This Friday, well-known industry labels like Tibi, Milly and John Patrick, Huffington Post and WWD fashion writers, Parson’s faculty members, trend spotters and marketing gurus will all gather at Manhattan’s renowned Fashion Institute of Technology to discuss something they all know best: fashion “Behind The Seams.”
Working in partnership with the internationally recognized MAGIC Marketplace and MAGIC Sourcing, AFINGO.COM (the sponsor of the forum) will donate a portion of proceeds to the Save The Garment District, an organization to help preserve New York City’s vibrant, vital apparel production neighborhood and the business retail on it. Not to mention, retaining a part of the city designers desperately rely on.
I caught up with Afingo founder and CEO, Liza Deyrmenjian this week and asked her some questions regarding sustainable designer’s growth in the fashion industry. As Deyrmenjian has created the fashion industry’s first-ever online sourcing site (Afingo) offering “all skills and services of development and production,” (not to mention being a serial successful entrepreneur), we thought it only right to ask her a few questions before the show even got started.
Here’s what she had to say.
What are some common mistakes designers make?
Young designers many times don’t know who their target market is; They have not yet defined her or him.
Is it harder for a sustainable designer to launch than a non?
It is harder if you are doing it purely for the fad, meaning eco is green and “green is the new black” for some fashion designers. Unless you really care about sustainability, whether it is sustainable fabrics or environmentally sound manufacturing it won’t ring true in the marketplace. Environmentalism is attractive economically for a designer but they need to design around it, from the ground up.
When it comes to trend forecasting, how much should a designer listen and how much should they just go with their gut and design what just makes sense?
That is a great question because “listen” is the keyword. I have always believed musicians are the true poets of our time, and they interpret and share the news and events from distant locations far sooner and more meaningfully than our traditional media. Music will tell you what trend is coming. From Madonna in the 80s to Kurt Cobain and grunge in the 90s, they were famous with lace gloves and plaid flannel shirts long before masses were wearing them.
In terms of color, makeup counters give you in an instant what color forecasters charge thousands for. Makeup colors are always a season or two ahead of clothing. But a designer needn’t be shackled by trends. They should translate society into their own look and we as consumers wear their iteration.
Part of being a sustainable designer in the U.S. (for many) is manufacturing and sourcing in the U.S. Is there a large enough support system for them out there?

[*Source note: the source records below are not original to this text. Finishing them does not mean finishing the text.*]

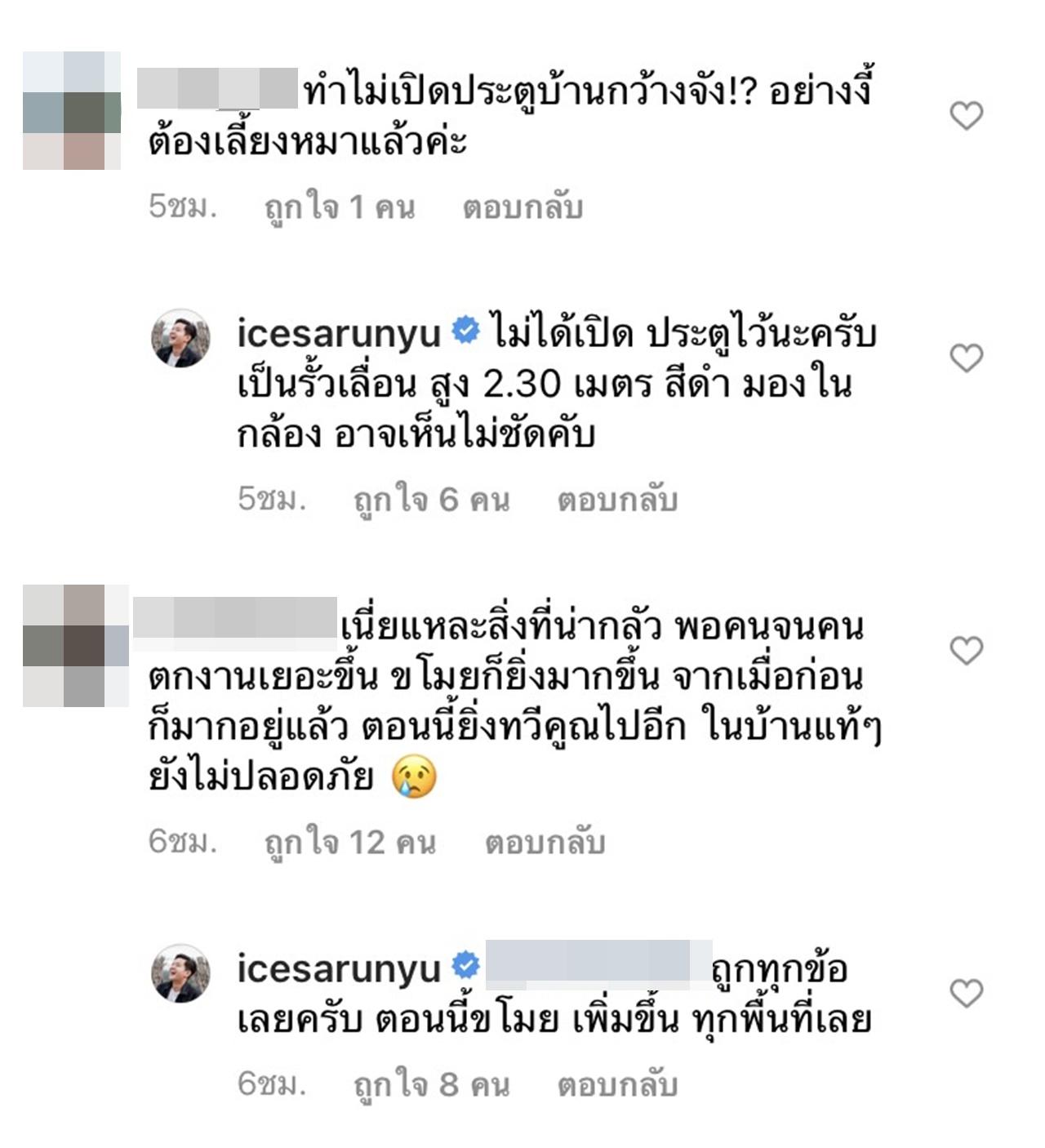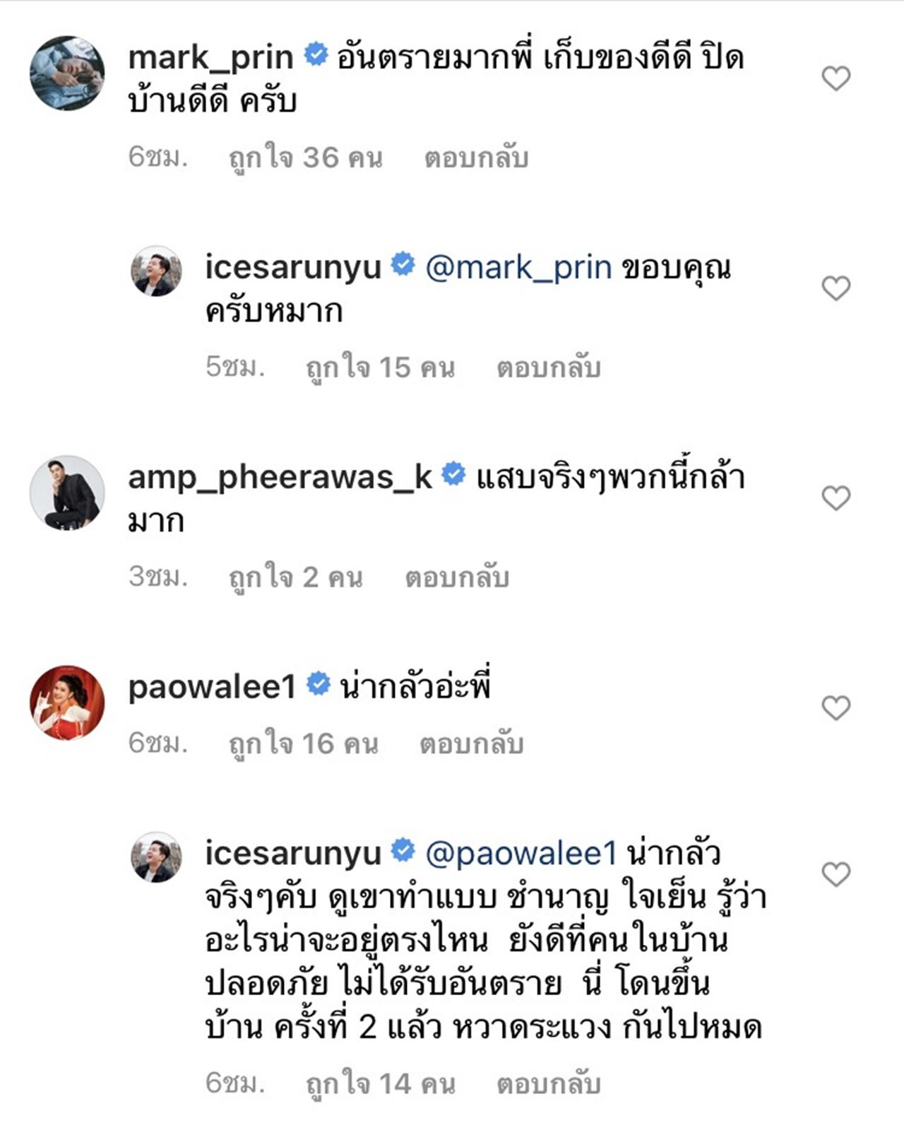 ซึ่งหลังจากที่ ไอซ์ ได้โพสต์เรื่องนี้ ก็มีเพื่อนๆ และแฟนๆ เข้ามาสอบถามและแสดงความเป็นห่วงกันเป็นจำนวนมาก นอกจากนี้ ไอซ์ ได้บอกเพิ่มเติมว่า โจรได้หยิบของมีค่า กระเป๋าสตางค์ออกไปอย่างชำนาญ และใจเย็น เหมือนรู้ว่าอะไรอยู่ตรงไหน แต่ยังโชคดีที่คนในบ้านปลอดภัย ตอนนี้อยู่กันอย่างหวาดระแวงไปหมด.
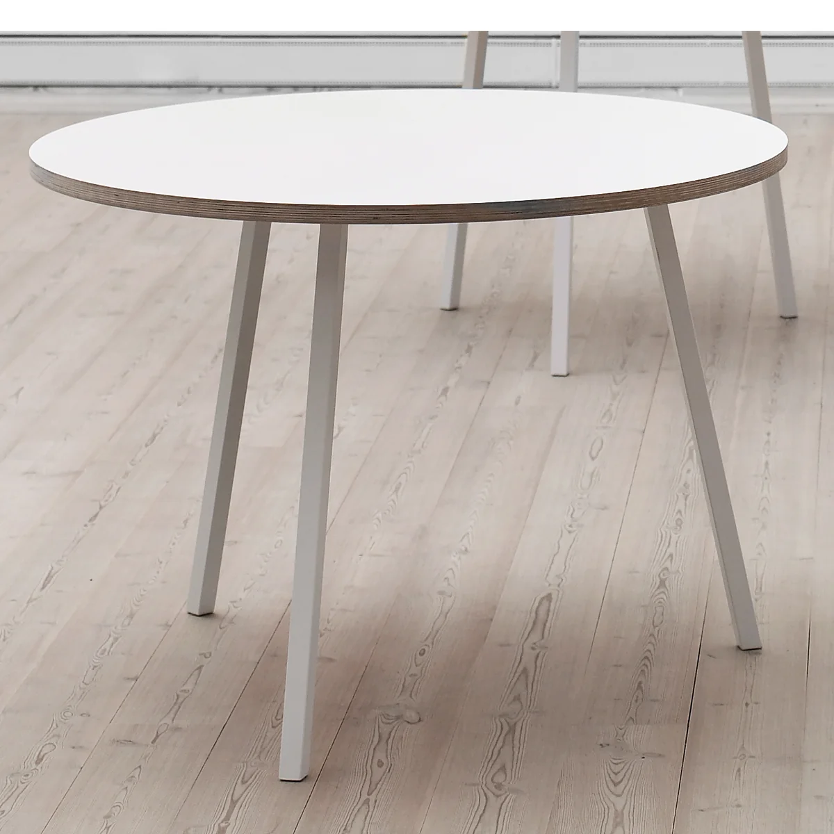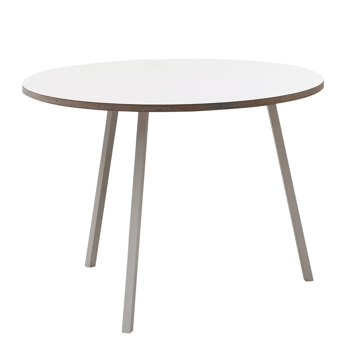 La surface lisse de la table ronde Loop Stand se termine par des bords nets. Dans la version noire, les plateaux de tables sont en Linoleum et les bords en bois de frêne laqués colorés, ce qui donne à la table avec ses trois pieds, un aspect noble et élégant. Dans la version blanche les bords du plateau de la table (stratifié) sont laissés en tons naturels de bois (contreplaqué), qui confère à Loop une apparence de cottage de vacances scandinave. Les pieds de la table de salle à manger et de la table de bistrot de HAY sont produits en acier.
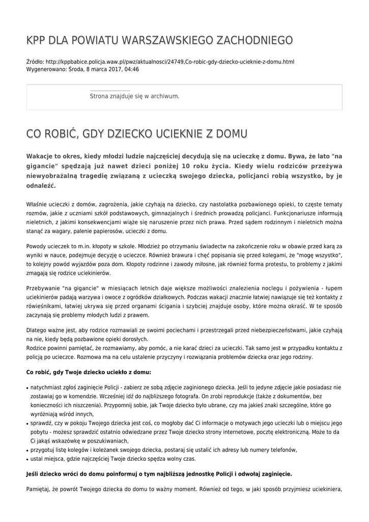 KPP DLA POWIATU WARSZAWSKIEGO ZACHODNIEGO Źródło: http://kppbabice.policja.waw.pl/pwz/aktualnosci/24749,Co-robic-gdy-dziecko-ucieknie-z-domu.html Wygenerowano: Środa, 8 marca 2017, 04:46 Strona znajduje się w archiwum. CO ROBIĆ, GDY DZIECKO UCIEKNIE Z DOMU Wakacje to okres, kiedy młodzi ludzie najczęściej decydują się na ucieczkę z domu. Bywa, że lato "na gigancie" spędzają już nawet dzieci poniżej 10 roku życia. Kiedy wielu rodziców przeżywa niewyobrażalną tragedię związaną z ucieczką swojego dziecka, policjanci robią wszystko, by je odnaleźć. Właśnie ucieczki z domów, zagrożenia, jakie czyhają na dziecko, czy nastolatka pozbawionego opieki, to częste tematy rozmów, jakie z uczniami szkół podstawowych, gimnazjalnych i średnich prowadzą policjanci. Funkcjonariusze informują nieletnich, z jakimi konsekwencjami wiąże się naruszenie przez nich prawa. Przed sądem rodzinnym i nieletnich można stanąć za wagary, palenie papierosów, ucieczki z domu. Powody ucieczek to m.in. kłopoty w szkole. Młodzież po otrzymaniu świadectw na zakończenie roku w obawie przed karą za wyniki w nauce, podejmuje decyzję o ucieczce. Również brawura i chęć popisania się przed kolegami, że "mogę wszystko", to kolejny powód wyjazdów poza dom. Kłopoty rodzinne i zawody miłosne, jak również forma protestu, to problemy z jakimi zmagają się rodzice uciekinierów. Przebywanie "na gigancie" w miesiącach letnich daje większe możliwości znalezienia noclegu i pożywienia - łupem uciekinierów padają warzywa i owoce z ogródków działkowych. Podczas wakacji znacznie łatwiej nawiązuje się też kontakty z rówieśnikami, łatwiej ukrywa się przed organami ścigania i szybciej znajduje osoby, które można okraść. W te sposób zaczynają się problemy młodych ludzi z prawem. Dlatego ważne jest, aby rodzice rozmawiali ze swoimi pociechami i przestrzegali przed niebezpieczeństwami, jakie czyhają na nie, kiedy będą pozbawione opieki dorosłych. Rodzice powinni pamiętać, że rozmawiamy, aby pomóc, a nie karać dzieci za ucieczki. Tak samo jest w przypadku kontaktu z policją po ucieczce. Rozmowa ma na celu ustalenie przyczyny i rozwiązania problemów dziecka oraz jego rodziny. Co robić, gdy Twoje dziecko uciekło z domu: ● natychmiast zgłoś zaginięcie Policji - zabierz ze sobą zdjęcie zaginionego dziecka. Jeśli to jedyne zdjęcie jakie posiadasz nie zostawiaj go w komendzie. Wcześniej idź do najbliższego fotografa. On zrobi reprodukcje (także z dokumentów, bez konieczności ich niszczenia). Przypomnij sobie, jak Twoje dziecko było ubrane, czy ma jakieś znaki szczególne, które go wyróżniają wśród innych, ● sprawdź, czy w pokoju Twojego dziecka jest coś, co mogłoby dać Ci informacje o motywach jego ucieczki lub o miejscu jego pobytu - możesz sprawdzić ostatnio odwiedzane przez Twoje dziecko strony internetowe, pocztę elektroniczną. Może to da Ci jakąś wskazówkę w poszukiwaniach, ● przygotuj listę kolegów i koleżanek swojego dziecka, postaraj się ustalić ich adresy lub numery telefonów, ● ustal miejsca, gdzie najczęściej Twoje dziecko spędza wolny czas. Jeśli dziecko wróci do domu poinformuj o tym najbliższą jednostkę Policji i odwołaj zaginięcie. Pamiętaj, że powrót Twojego dziecka do domu to ważny moment. Również od tego, w jaki sposób przyjmiesz uciekiniera, zależy czy nie będzie chciał uciec ponownie. Zgłoszone Policji zaginięcia dzieci: Rok 2010 2009 2008 Do 7 lat 118 125 145 7-13 lat 436 442 528 13-17 lat 2915 3054 3487 Tylko w tym roku (stan do 16.06.2011r.) policjanci przyjęli 1859 zgłoszeń o zaginięciach dzieci. Większość zaginionych zostaje odnaleziona w ciągu pierwszych 14 dni po zaginięciu. 95 proc. dzieci w ciągu pierwszych 7 dni z powrotem trafia do swoich domów. info: kgp, /ego/ Ocena: 0/5 (0) Tweetnij

There is an AMAZING support system in the U.S., especially in New York City. NYC is the only city that has the entire garment center in a four block/four avenue radius. It’s incredible! You can get your patterns made at the same house as Ashley and Mary Kate from the Row. You can have your goods made at the same factory where Diane Von Furstenberg develops. Nowhere can you do that besides New York. Vancouver also has great resources and LA is particularly good for cottons and denim.
I think part of the problem is schools don’t teach enough about how to manufacture locally. That’s where people learn what to do and many kids graduate without even knowing where the garment center is. Our industry needs to work together, fostering an understanding of producing locally among the newcomers. If you are developing your line, you should not be doing it overseas for a multitude of reasons, sustainability being one of them. If you don’t know where to go email firstname.lastname@example.org and I will guide you!
On the Afingo schedule for Friday it says: “In an age when ‘going green’ is on everyone’s lips, is this just another trend or a necessary, fundamental shift in how the industry works? How can fashion as an industry make the change at a level that is more than skin-deep?” Can you talk to that?
Yes, buy American made. It is the fastest and most fashionable way you can save the planet – and your country while you’re at it. Local manufacturing provides jobs, and lowers the carbon footprint of the garment. I believe in going green whether – it is in the cloth or in the production – ideally, both. And consumers hold the power in their pocketbooks. Today more then ever if you want your dollar to matter, put your money where your beliefs are.